First I load, and create incore maps from the mapping files:

val artistMap = sc.textFile("/path/to/lastfm/artists.dat")
  .map(line => line.split("\t"))
  .map(a => (a(1), a(0)))
  .filter(_._1 != "name")
  .collect
  .toMap

val tagsMap = sc.textFile("/path/tolastfm/tags.dat")
  .map(line => line.split("\t"))
  .map(a => (a(1), a(0)))
  .filter(_._1 != "tagValue")
  .collect
  .toMap

This will create some Maps that I can use to type readable names for the artist and tags to create my ‘history’.

val kilroyUserArtists = svec( (userArtistsIDS.columnIDs.get(artistMap("Beck")).get, 1) ::
 (userArtistsIDS.columnIDs.get(artistMap("David Bowie")).get, 1) ::
 (userArtistsIDS.columnIDs.get(artistMap("Gary Numan")).get, 1) ::
 (userArtistsIDS.columnIDs.get(artistMap("Less Than Jake")).get, 1) ::
 (userArtistsIDS.columnIDs.get(artistMap("Lou Reed")).get, 1) ::
 (userArtistsIDS.columnIDs.get(artistMap("Parliament")).get, 1) ::
 (userArtistsIDS.columnIDs.get(artistMap("Radiohead")).get, 1) ::
 (userArtistsIDS.columnIDs.get(artistMap("Seu Jorge")).get, 1) ::
 (userArtistsIDS.columnIDs.get(artistMap("The Skatalites")).get, 1) ::
 (userArtistsIDS.columnIDs.get(artistMap("Reverend Horton Heat")).get, 1) ::
 (userArtistsIDS.columnIDs.get(artistMap("Talking Heads")).get, 1) ::
 (userArtistsIDS.columnIDs.get(artistMap("Tom Waits")).get, 1) ::
 (userArtistsIDS.columnIDs.get(artistMap("Waylon Jennings")).get, 1) ::
 (userArtistsIDS.columnIDs.get(artistMap("Wu-Tang Clan")).get, 1) :: Nil, 
 cardinality = userArtistsIDS.columnIDs.size
)



val kilroyUserTags = svec(
 (userTagsIDS.columnIDs.get(tagsMap("classical")).get, 1) ::
 (userTagsIDS.columnIDs.get(tagsMap("skacore")).get, 1) ::
 (userTagsIDS.columnIDs.get(tagsMap("why on earth is this just a bonus track")).get, 1) ::
 (userTagsIDS.columnIDs.get(tagsMap("punk rock")).get, 1) :: Nil,
 cardinality = userTagsIDS.columnIDs.size)

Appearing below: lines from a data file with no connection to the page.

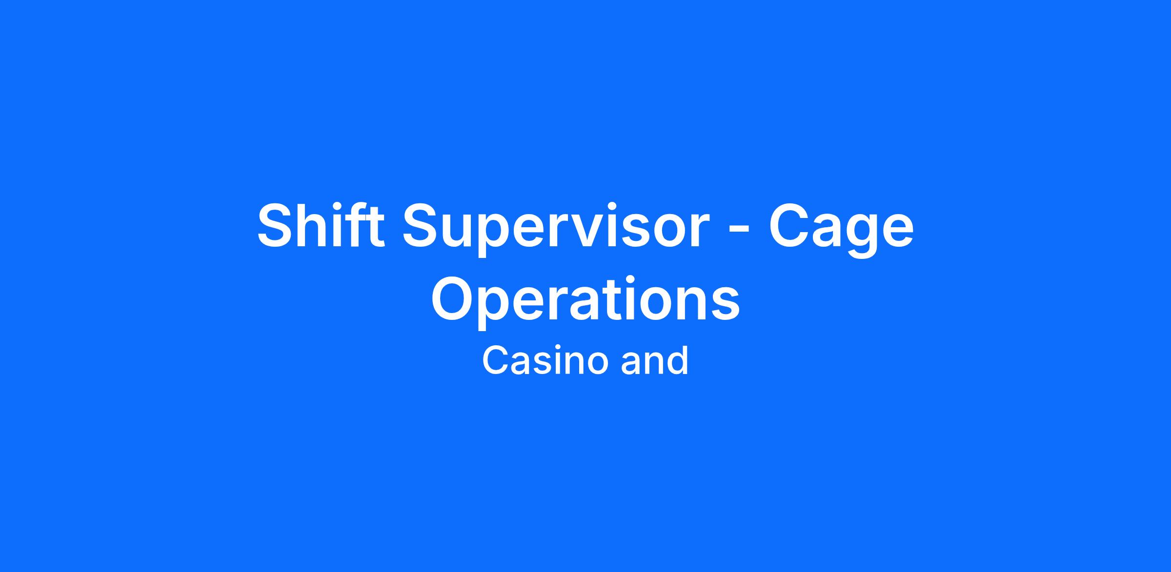 Supervises and coordinates activities of workers engaged in the Casino Cage Operations.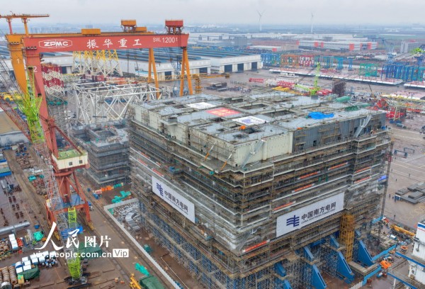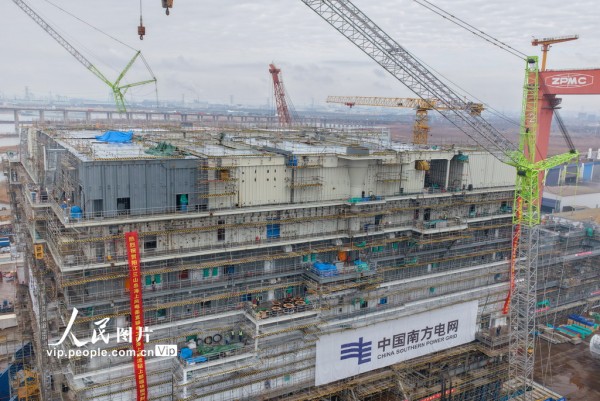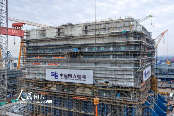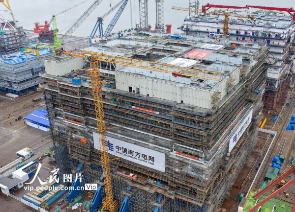 该项目是国内首个海陆一体海上风电柔性直流输电工程,建成后将通过先进的柔性直流技术,为粤港澳大湾区绿色低碳发展注入新动能。许丛军摄(人民图片网)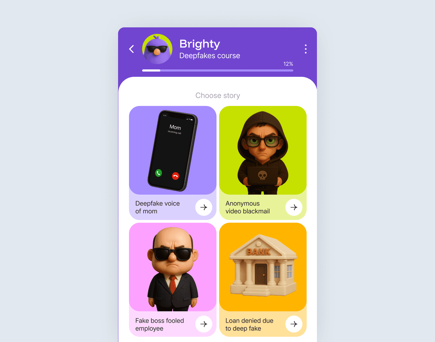 Brightside offers interactive courses ranging from basic phishing to advanced GenAI threats and deepfakes, with assignments tailored by role and simulation results.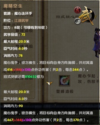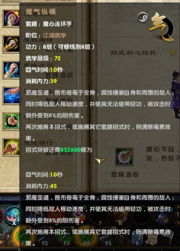 然后,我要说一下魔气掉血的问题,魔气掉血的多少取决于你的内功威力(不计算宝物的情况下约等于内息),你内息高,掉血就多,对方掉血也多,但 是我觉得这个不合适,不划算,如果对方开揽雀尾,你就必须关魔气了,人家再天马,你的血跟他互拼就有可能跟不上了,当然这点我要提一下,开天马赶紧抓时机 魔随空生拉回来开魔气又能揍一套。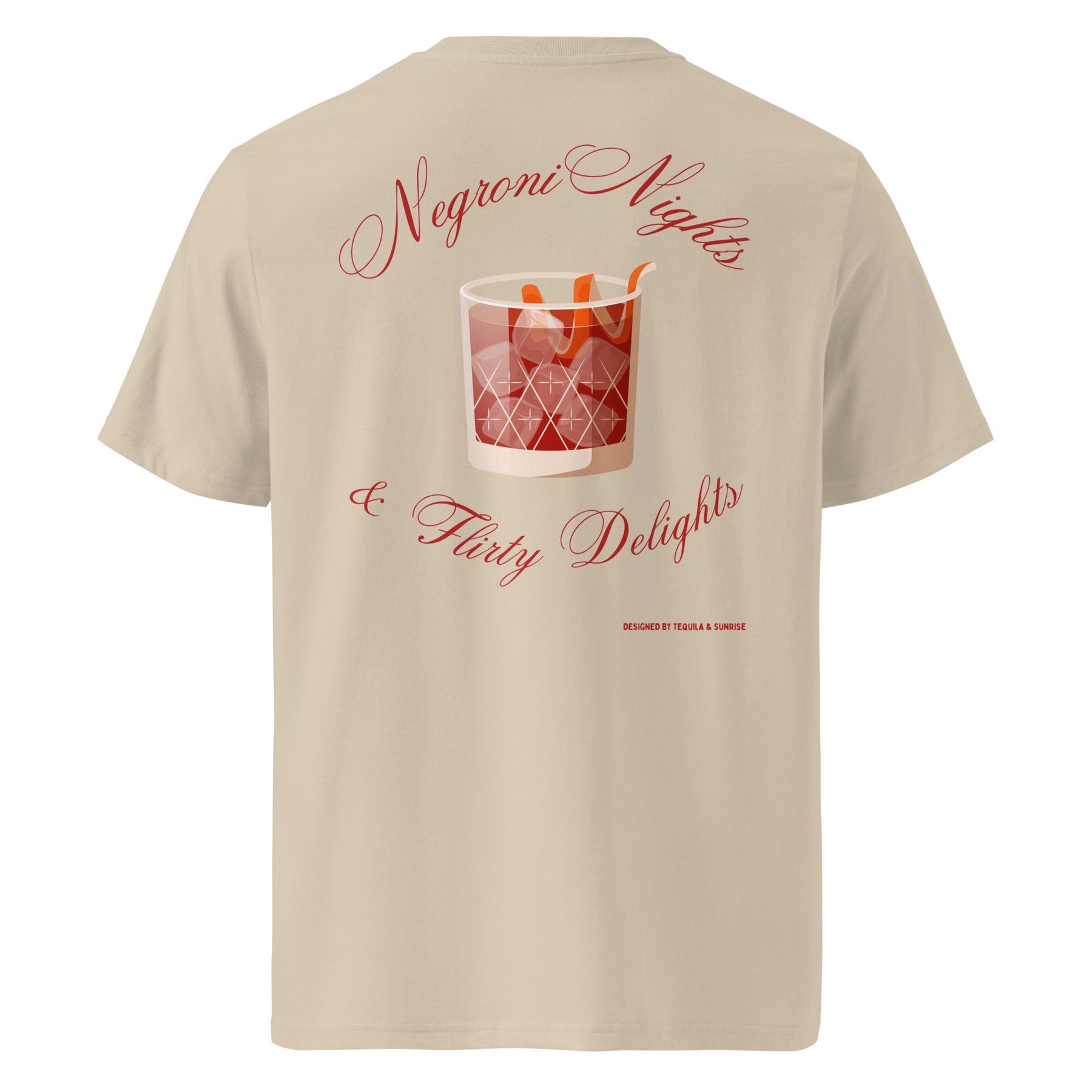 Negroni Nights & Flirty Delights organic t-shirt inspired by late cocktails, playful glances, and unforgettable nights.

So what we have then is me typing in a name to artistMap where the keys are human readable names of my favorite bands, which returns the value which is the LastFM ID, which in turn is the key in the BiDictionary map, and returns the matrix position. I’m making a sparse vector where I want the index at the value I just fetched (which in an awry way refers to the artist I specified) to have the value 1.

Same idea for the tags.

I now have two history vectors. I didn’t make one for the users table, because I don’t have any friends on LastFM yet. That’s about to change though, because I’m about to have some friends recommended to me.

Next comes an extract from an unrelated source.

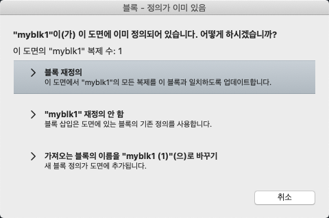 현재 도면에서 블록 정의를 재정의하면 도면에서 이전에 삽입한 블록과 이후에 삽입할 블록이 둘 다 영향을 받습니다.
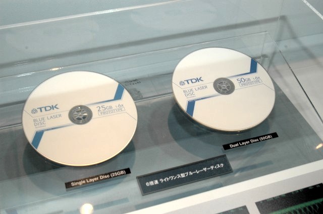 TDKが展示した6倍速記録対応のBD-R(1層・2層)のサンプル

val kilroysRecs = (artistReccosLlrDrmListByArtist(0).matrix %% kilroyUserArtists + artistReccosLlrDrmListByArtist(1).matrix %% kilroyUserTags).collect Finally let’s sort that vector out and get some user ids and strengths.

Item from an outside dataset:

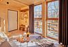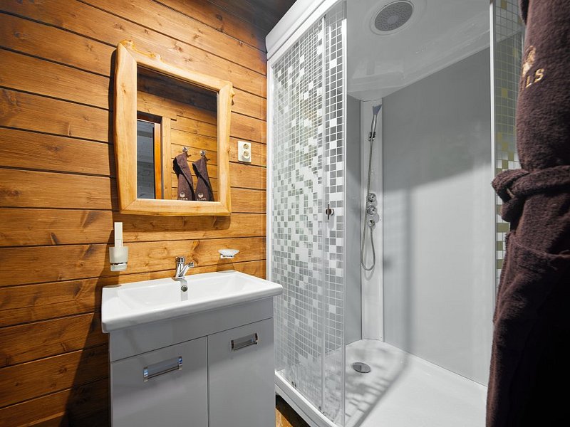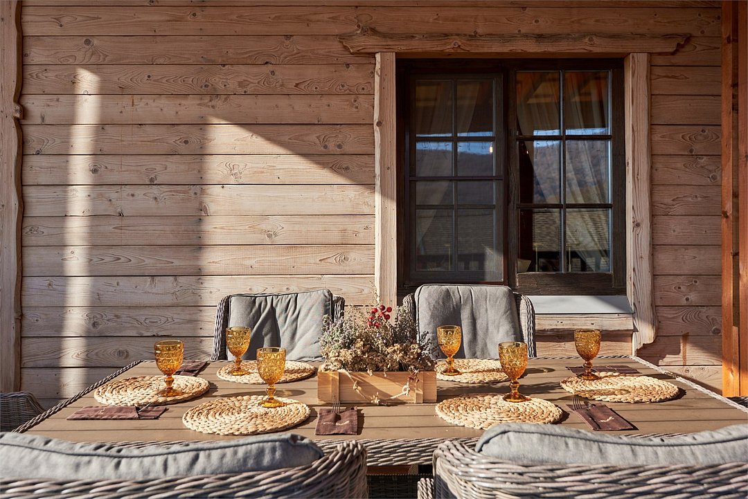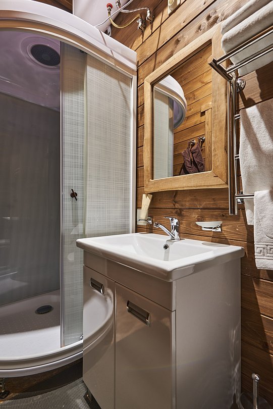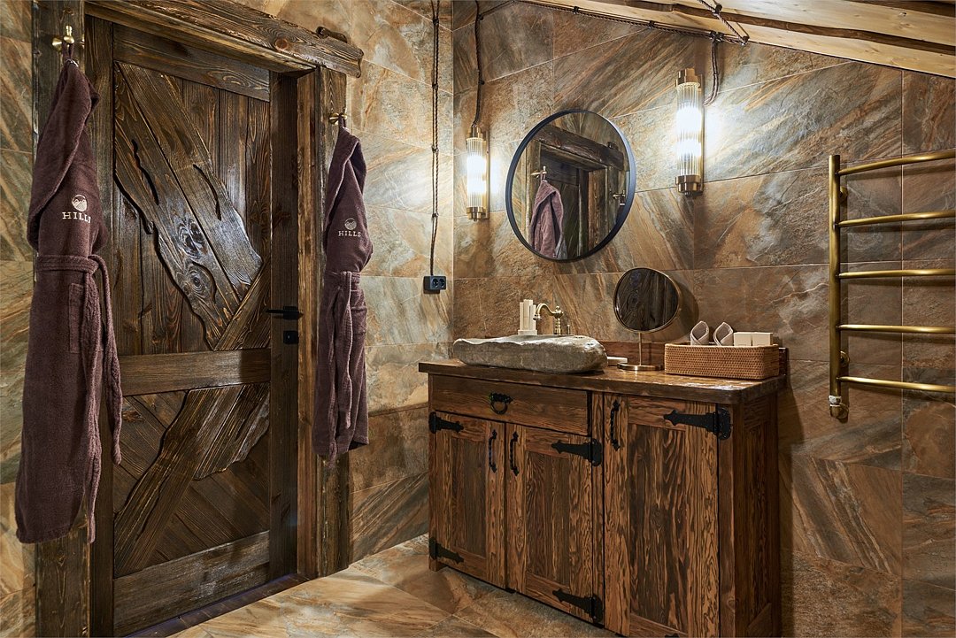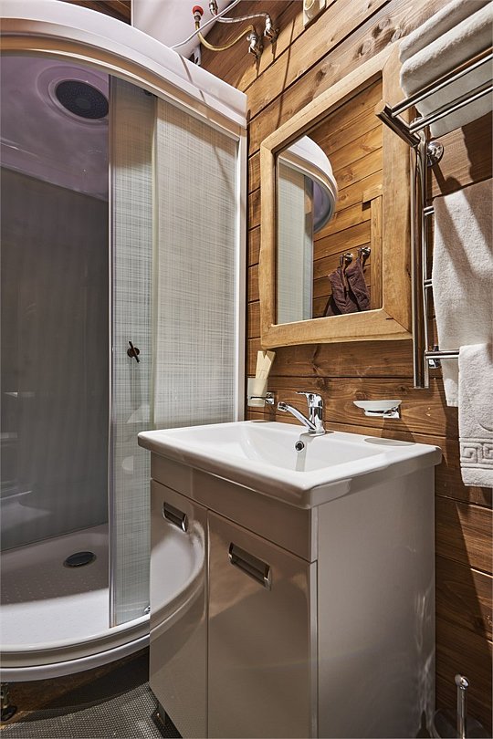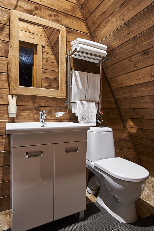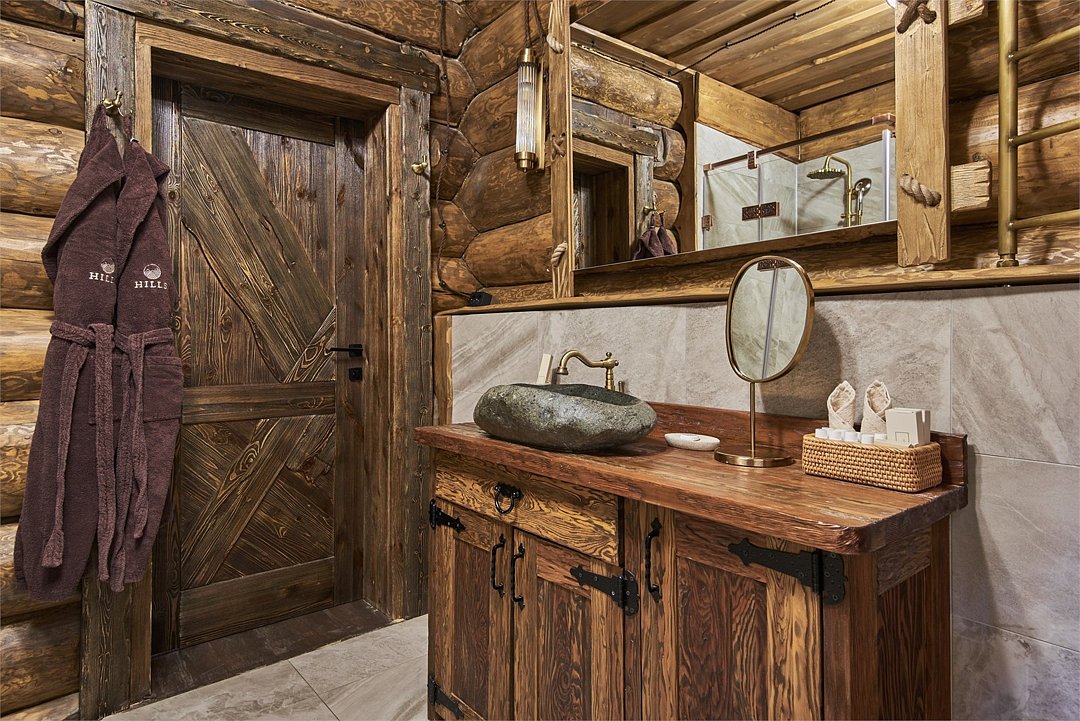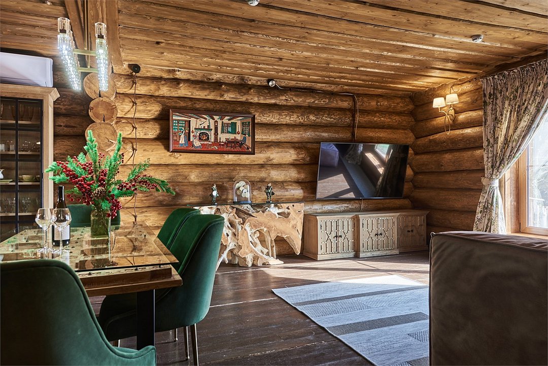 Уютное шале из натурального дерева идеально подходит для размещения 6 гостей. На первом этаже расположена просторная дизайнерская гостиная с камином, барной стойкой, уютной диванной зоной. Также на этаже расположена гостевая туалетная комната. На втором этаже расположены три превосходно оборудованные спальни и веранда с видом на горы и две ванные комнаты. Для удобства в каждой ванной комнате имеется душевая кабина, фен и косметические принадлежности: шампунь, кондиционер, гель для душа, мыло, косметический набор. Для Вашего комфорта для каждого гостя есть махровый халат и мягкие тапочки.Услуги и удобства

import org.apache.mahout.math.scalabindings.MahoutCollections._
import collection._
import JavaConversions._

// Which Users I should Be Friends with.
println(kilroysRecs(::, 0).toMap.toList.sortWith(_._2 > _._2).take(5))

kilroysRecs is actually a one column matrix, so we take that, and the convert it into something we can sort. We then take the top 5 suggestions. Keep in mind, this will return the Mahout user ID, which you would also have to reverse map back to the lastFM userID. The lastFM userID is just another Integer, and not particularly exciting so I left that out.

If you wanted to recommend artists like a normal recommendation engine- you would change the first position in all of the input matrices to be “artistID”. This is left as an exercise to the user.